Re: Question to the fellow ASM programmers

Posted: Mon May 01, 2006 11:00 pm
by Kicer
once upon a time.... i read that all comands like lodsb movsb loop etc are slower than for example
(lodsb:)
mov al,[si]
inc si

or
(loop:)
dec ecx
jnz @B

but i can't remeber where it was and why it is so but since this time i don't use them

Re: Question to the fellow ASM programmers

Posted: Tue May 02, 2006 11:00 pm
by Da_Maestro
On the newer CPUs lodsb and loop and whatnot are slower for the reasons that JAAman was saying.

The increment operation can make it slower, because the CPU must increment that register. If it didn't have to increment that register it could be instead starting another instruction.

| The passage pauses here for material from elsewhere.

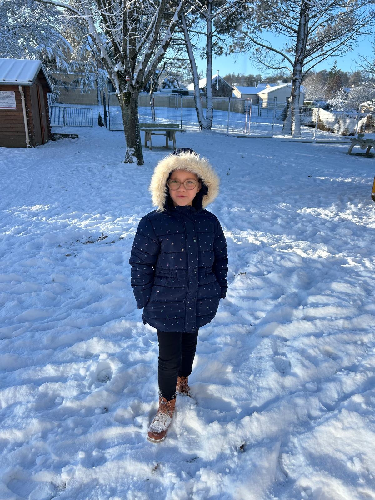 « J’ai aimé faire des batailles de boules de neige et de la luge grâce à Ambre et j’ai aussi aimé faire le bonhomme de neige avec toute la classe. » (Cali)

Re: Question to the fellow ASM programmers

Posted: Wed May 03, 2006 11:00 pm
by JAAman
there is an increment both ways, what i was saying is that with


lodsb
mov cl,al

the lodsb must be completed before the mov cl,al can be executed

but with

mov cl,[si]
inc si

the inc si can be executed before or at the same time as the mov cl,[si]


if they are executed in order, then i would think that they would both take farly similar execution time (the increment is present on both sets of instructions -- the single instruction may be faster, but then you need a inc/dec)

but i firmly believe that asembly level optimization usually doesnt make any sence at all (do to vast differences between CPUs and hardware-specific runtime optimization) -- its very likely that given these 2 code samples, run repeatedly (even on the same CPU) sometimes #1will be faster, and sometimes #2 will be faster, depending on other (unpredictable) factors

Re: Question to the fellow ASM programmers

Posted: Wed May 03, 2006 11:00 pm
by Da_Maestro
:)